_Assigned task_
What is needed is an exact copy of every line from the one with "融券:交易稅 0.3%,手續費160,有額外融券手續費,總成本約 960 元" to the end of the entries below, without the pictures.

Segment Start: Provided information

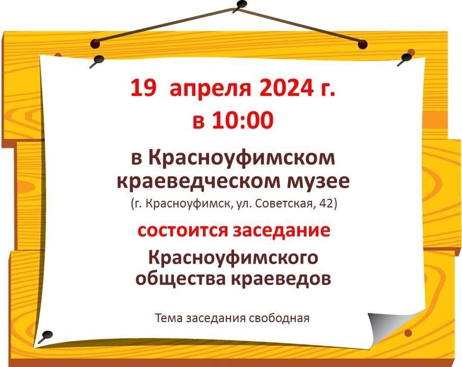 Публикуем программу мероприятий на ближайшие дни. Внимание, она может меняться и дополняться. 19 апреля 10.00 — заседание Красноуфимского общества краеведов (краеведческий музей, 12+); 10.00-13.00 — муниципальная акция «Помоги ближнему» (площадь у Свято-Троицкого собора», 6+). 14.30 — круглый стол «Перспективы и организационные вопросы трудоустройства несовершеннолетних в летний период 2024 года» (КМЖ «Перекресток», 12+); 17.00-18.00 — «Трогательная прогулка» (городская набережная, 4+). 20 апреля 9.00 — турнир по настольному теннису, посвящённый памяти Г. В. Потырина (спортивный зал локомотивного депо, 6+); 10.00 — фестиваль Всероссийских спортивных соревнований школьников «Президентские состязания» (стритбол) (ФОЦ «Сокол», 6+); 11.00 — шахматный турнир «Маленький коняшка» (школа №3, 4+, регистрация здесь). 14.00 — Библионочь-2024 (Центральная библиотека, 4+); день открытых дверей в Красноуфимском педагогическом колледже. 21 апреля 9.00 — турнир по лазерному бою «Тактический штурм» (ФО
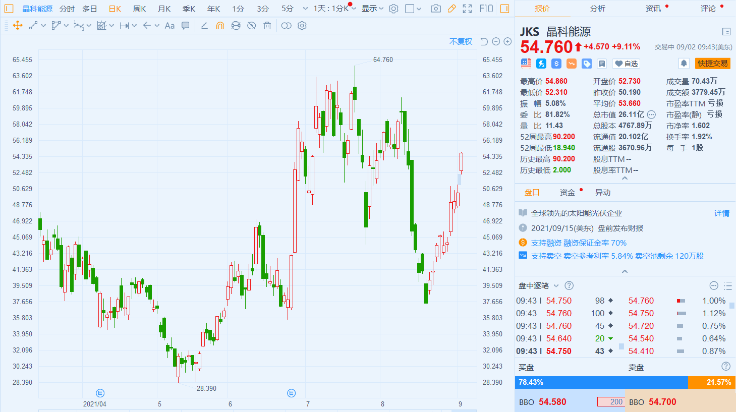晶科能源(JKS.US)大幅走高,现涨幅为9.11%,报54.76美元,暂成交3779.45万美元,最新总市值为26.11亿美元。
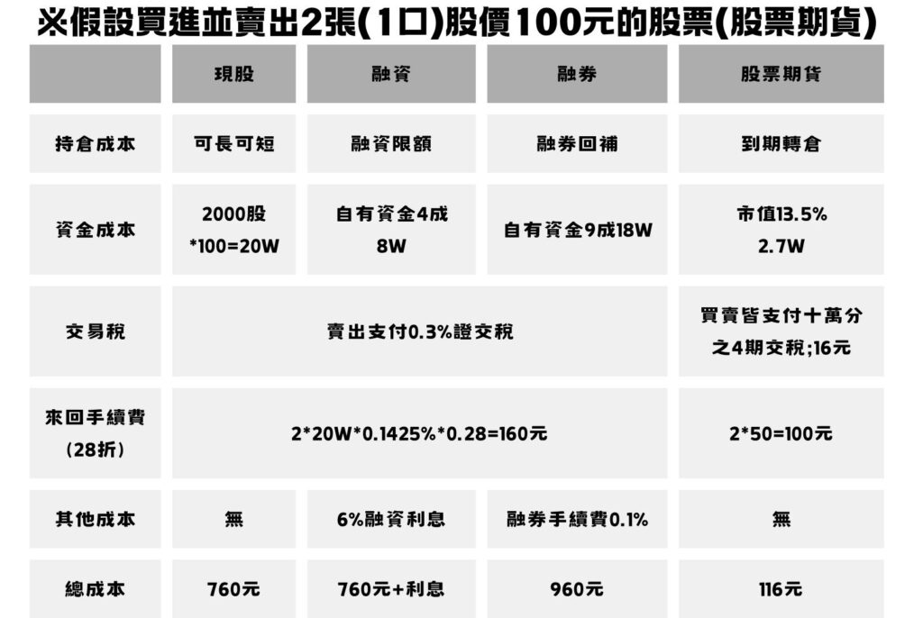 融券:交易稅 0.3%,手續費160,有額外融券手續費,總成本約 960 元
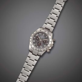 cassa in oro bianco 18kt, fondello e tasti del crono a vite, corona marcata, ghiera con scala tachimetrica, quadrante grigio/argentè, grafica bianca, indici e numeri arabi al superluminova, tre contatori con lancetta in rosso, secondi a ore sei, movimento a carica automatica, bracciale oyster a maglie piene in oro bianco 18kt con chiusura a scatoletta in oro bianco marcata Rolex, ref. 78599 cod. produzione PJ3, lungh. interna cm 20, vetro minerale, gr. 216. Diam. mm 40.
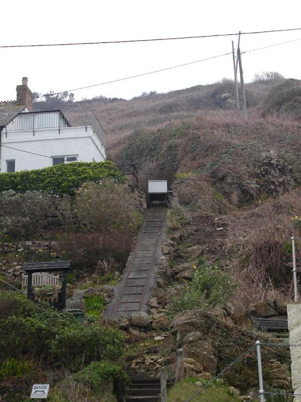 A private funicular, easily spotted in the village of Sennen Cove, Cornwall.
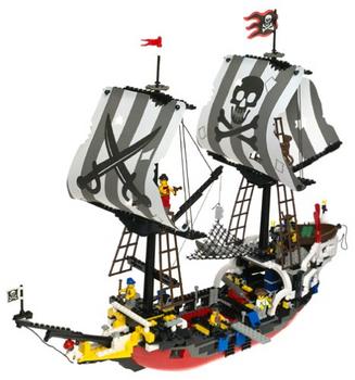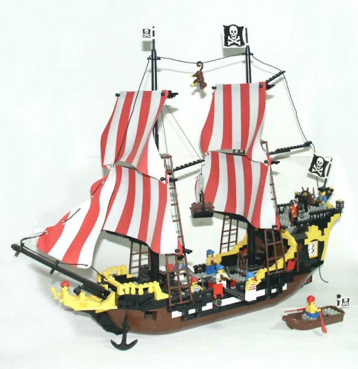 The Black Seas Barracuda set was one of the first Lego Pirates sets released in 1989 and includes a brig with two square-rigged masts, along with 8 minifigures of Captain Redbeard and 7 Pirate minifigures. The set contains a huge 865 pieces.

Segment End: Provided information

_Answer_
 融券:交易稅 0.3%,手續費160,有額外融券手續費,總成本約 960 元
 cassa in oro bianco 18kt, fondello e tasti del crono a vite, corona marcata, ghiera con scala tachimetrica, quadrante grigio/argentè, grafica bianca, indici e numeri arabi al superluminova, tre contatori con lancetta in rosso, secondi a ore sei, movimento a carica automatica, bracciale oyster a maglie piene in oro bianco 18kt con chiusura a scatoletta in oro bianco marcata Rolex, ref. 78599 cod. produzione PJ3, lungh. interna cm 20, vetro minerale, gr. 216. Diam. mm 40.
 A private funicular, easily spotted in the village of Sennen Cove, Cornwall.
 The Black Seas Barracuda set was one of the first Lego Pirates sets released in 1989 and includes a brig with two square-rigged masts, along with 8 minifigures of Captain Redbeard and 7 Pirate minifigures. The set contains a huge 865 pieces.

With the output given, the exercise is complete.